Problem to work on — Return the lines of the material below exactly, beginning with the line that has "Anak di Palestina" in it and finishing with the line that has "Carved Dog Figurine- Approx" in it. Leave all pictures aside.
=== Records supplied ===
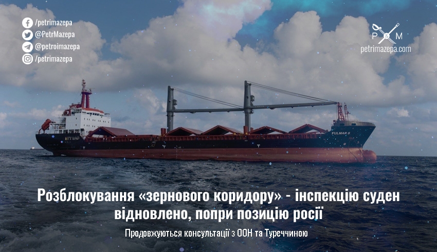 Розблокування «зернового коридору» - інспекцію суден відновлено, попри позицію росії
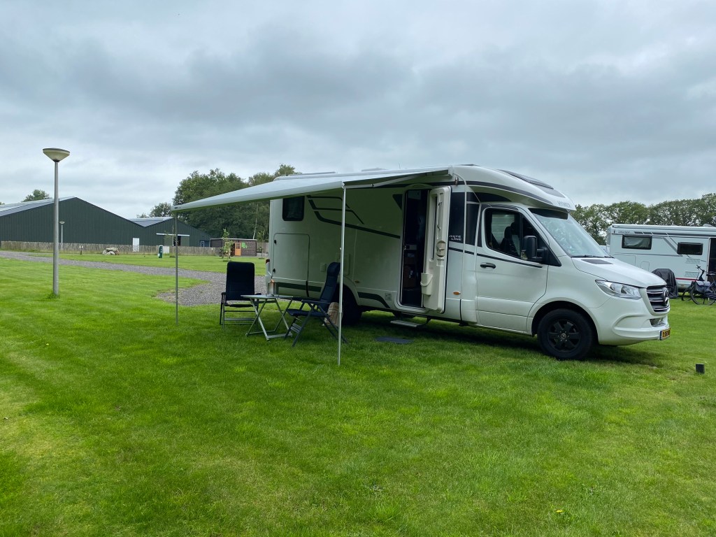 Op Camperplaats ‘Op de Bult’ staat al een grote blauwe tot woonmobiel omgebouwde bus als we het plekje ernaast willen inrichten. Met twee getrapte blokken onder de voorwielen staan we vrijwel waterpas. De ontvangst was hartelijk. De eigenaar van de Camperplaats liet ons zien waar we allemaal konden gaan staan en vertelde waar alles was en wat er kon.
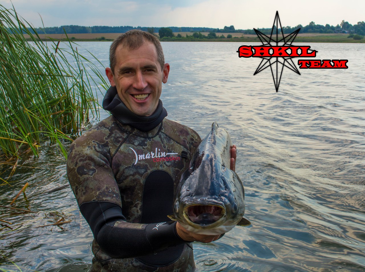Трофейная охота в мутной воде. Как известно, в мутной воде рыбы больше, чем в прозрачной. Но не везде... Конкретно на эту охоту мы собирались и ехали точно зная, что в водоёме должна быть трофейная рыба. Взять её днём, да ещё и в мутной воде, задача не из простых, но тем и лучше! Вызов себе как спортсмену-охотнику! Приехав на водоём, оцениваем прозрачность воды: 1-2 метра. Самым подходящим оружием для данного прозрака будет пневмат, заднерукий, 50-60см. Закачка должна быть 23-27кг - для того, чтобы прошить навылет плотную крупную рыбу с твёрдой чешуёй. Костюмы 5мм Марлин и Омер. Маски с хорошим обзором, так как охота будет вестись на просвет.
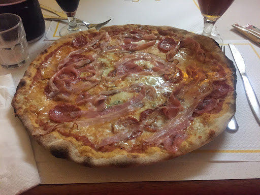 Read moreFermati per caso al ritorno di una gita. Pizzeria. Si nota subito dalla facciata che è un luogo vissuto e un pò datato. Meno si nota il locale la sera che risulta privo di illuminazione. Nemmeno avvicinandosi all'ingresso non si capisce che tipo di locale sia al punto che abbiamo dovuto chiedere che tipo di cosa facessero da mangiare. Il suo interno è rimasto come 30 anni fa, le molte panche di legno massiccio e i molti oggetti accumulati e appesi al muro come foto insegne e cimeli risalenti a quei periodi profumano di tempi andati. Tutto fermo agli anni 90 come l'offerta dei dolci che si limita alla sola scelta di tartufo bianco e nero. In pratica sarebbe da prendere in mano e dare una bella ristrutturata. Di positivo c'è la simpatia della proprietaria ed i prezzi tuttosommato onesti....
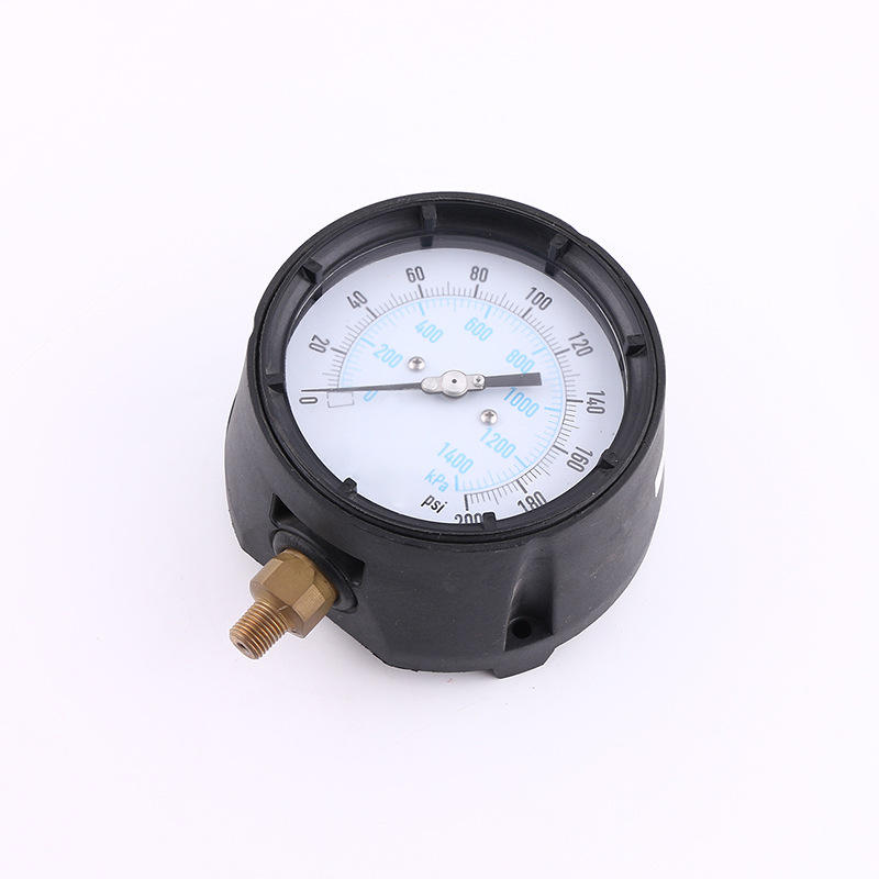 เกจวัดแรงดันแบบเรเดียล ขนาด 113 มม. ตัวเรือนโพลีโพรพิลีน พร้อมข้อต่อทองแดงและหน้าปัดกระจก สำหรับงานก๊าซ
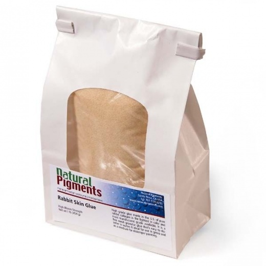 This is a high-grade glue made in the U.S. It is a fine mesh granular glue that is easy to dissolve in water. The high-quality grade means that it is the lightest in color and most translucent glue available. This makes it ideal for use in gesso and as a medium for distemper painting.
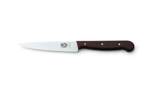 چاقوی استاندارد آشپزخانه victorinox با دسته چوبی قهوه ای تیره و تیغه اره ای 12 سانتی 5.2030.12
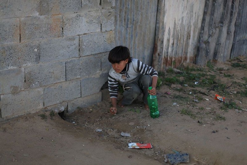 Anak di Palestina mainan favoritnya botol plastik. Orang tuanya berpenghasilan USD 112 per bulan. Foto: Gapminder
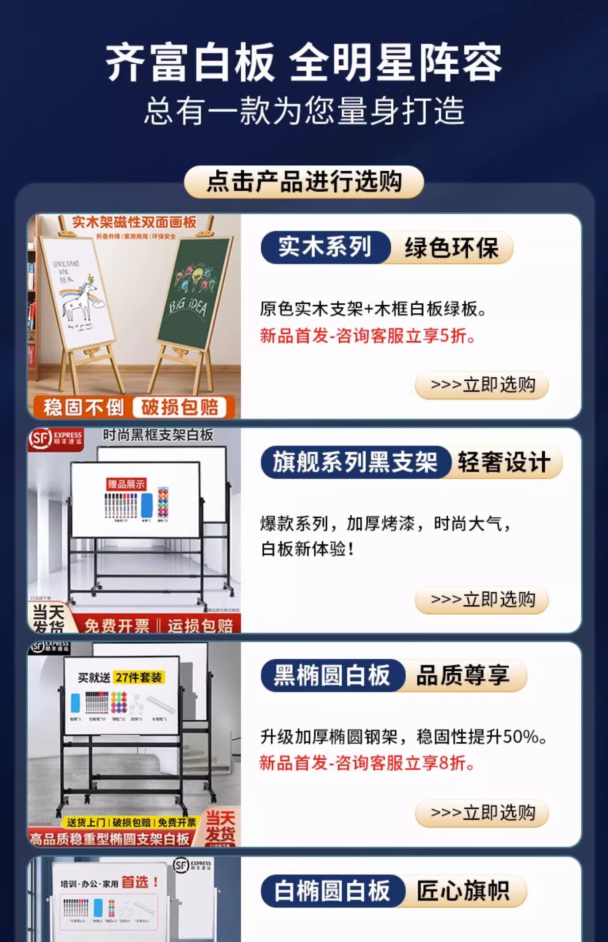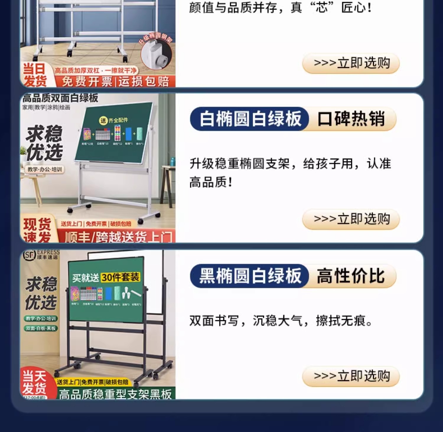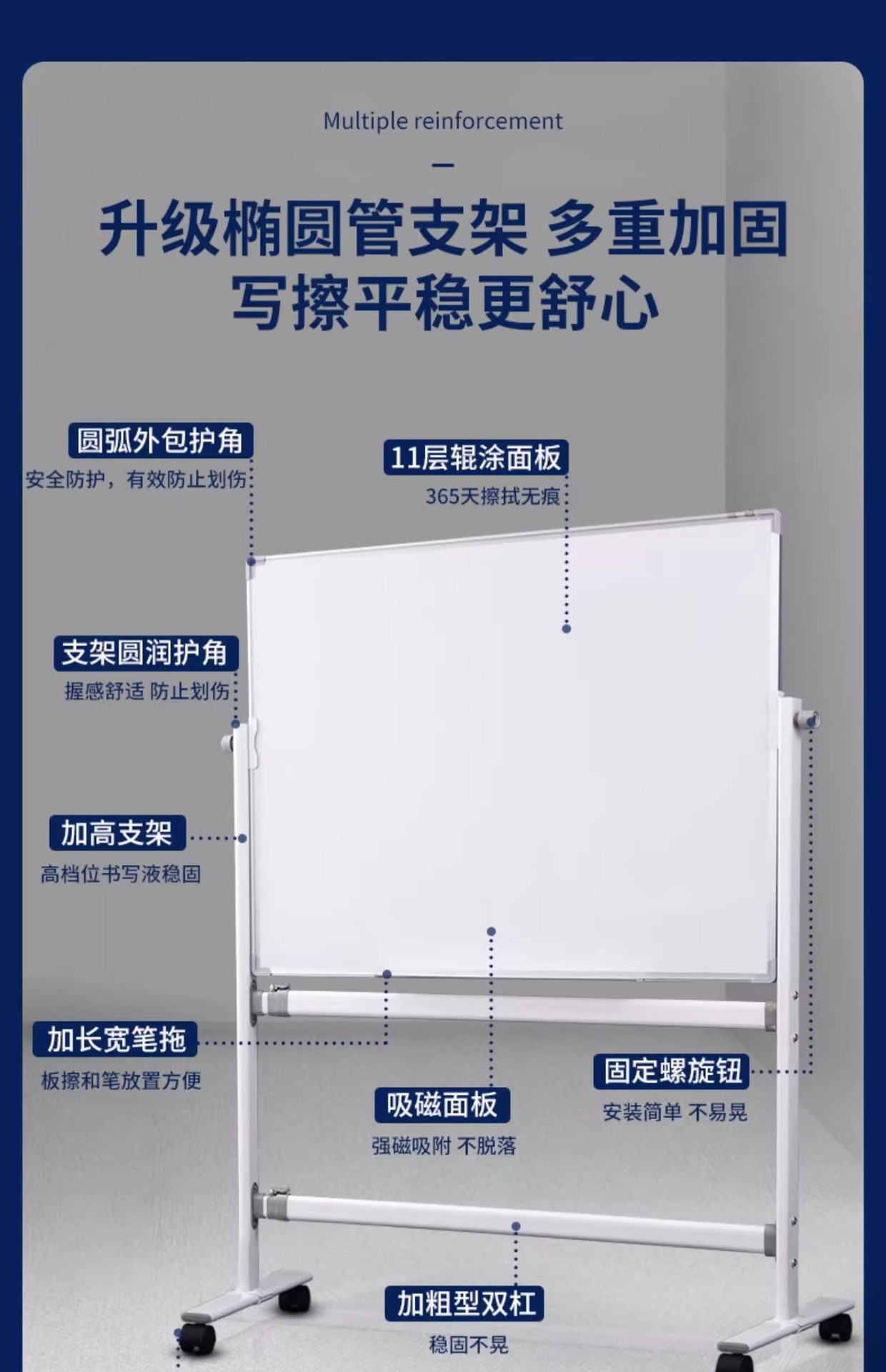 椭圆钢架款90*120双面白板银支架+配件大礼包
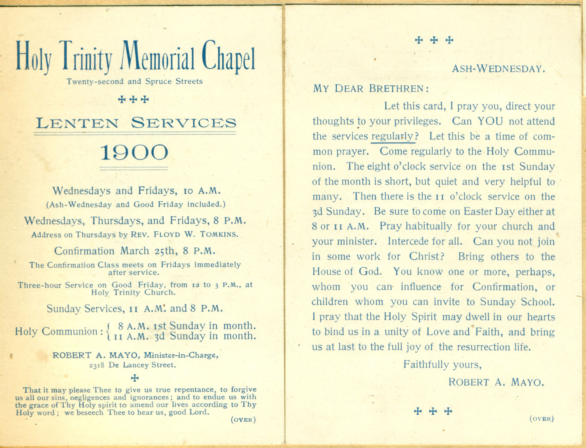 Fiftieth Anniversary of the Consecration of the [Holy Trinity] Memorial Chapel [Trinity Memorial Church] Pamphlet (1925)
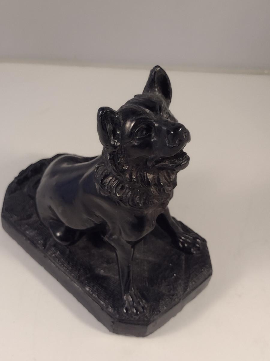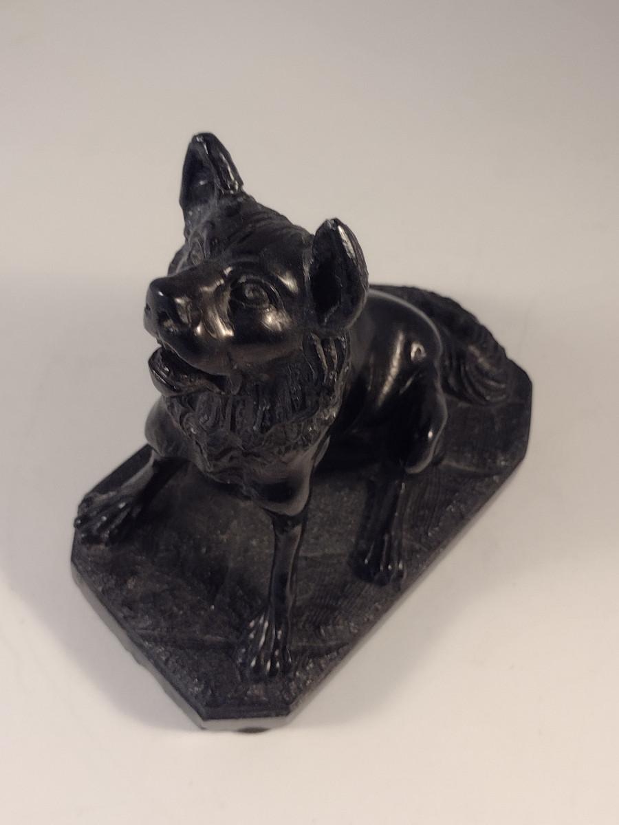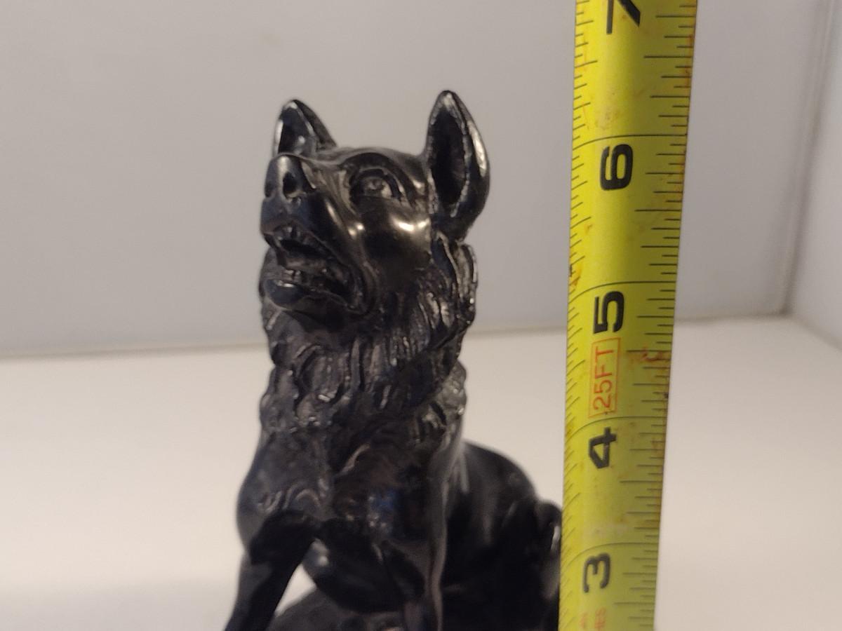 Carved Dog Figurine- Approx 6 1/2" Tall. Possible stone bookend.
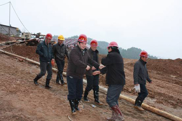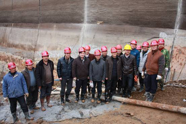 董事長、總經(jīng)理王元旦一行首先來到基坑澆筑、混凝土攪拌站等施工現(xiàn)場進(jìn)行察看,與施工人員一一握手,并聽取了春節(jié)期間帶領(lǐng)員工奮戰(zhàn)在施工一線的公司副總經(jīng)理聶玉和的生產(chǎn)情況匯報(bào)。董事長、總經(jīng)理王元旦詳細(xì)詢問了攪拌站的生產(chǎn)能力能否滿足施工要求,工程的進(jìn)展情況及后期施工中的各項(xiàng)措施,對(duì)項(xiàng)目部全體員工放棄節(jié)假日搶工期、保質(zhì)量、抓進(jìn)度的奉獻(xiàn)精神給充分肯定和高度評(píng)價(jià),他勉勵(lì)大家保證質(zhì)量安全的前提下,抓緊時(shí)間完成大壩防滲面板的施工、再苦再累也要咬緊牙關(guān)挺過去,并要求施工項(xiàng)目部合理安排好大家春節(jié)期間的工作和生活。
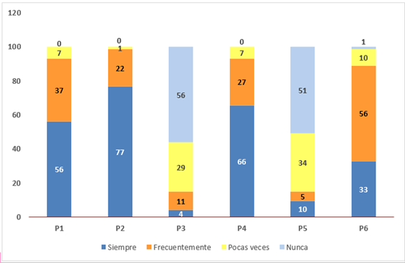 Finalmente, 56 % y 51 % evidencia que nunca o pocas veces algunos estudiantes impiden que otros compañeros se unan al grupo de trabajo, haciéndolos sentir inferiores (P3) o que excluyan o discriminen a sus compañeros porque se consideran estudiantes superiores o más "populares" (P5). Como sostienen Benítez Moreno et al. (2024), la autoestima ocupa un lugar fundamental dentro de la construcción de la convivencia escolar, cuya vulneración incrementa la desprotección frente a la violencia e interfiere en la progresión de competencias socioemocionales. Los docentes, en su práctica profesional, deben fomentar la empatía como valor transversal.
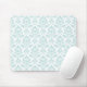 Feuille Damask Pattern Light Teal on White Mouse Mat
===
Answer to this problem —
 Anak di Palestina mainan favoritnya botol plastik. Orang tuanya berpenghasilan USD 112 per bulan. Foto: Gapminder
 椭圆钢架款90*120双面白板银支架+配件大礼包
 Fiftieth Anniversary of the Consecration of the [Holy Trinity] Memorial Chapel [Trinity Memorial Church] Pamphlet (1925)
 Carved Dog Figurine- Approx 6 1/2" Tall. Possible stone bookend.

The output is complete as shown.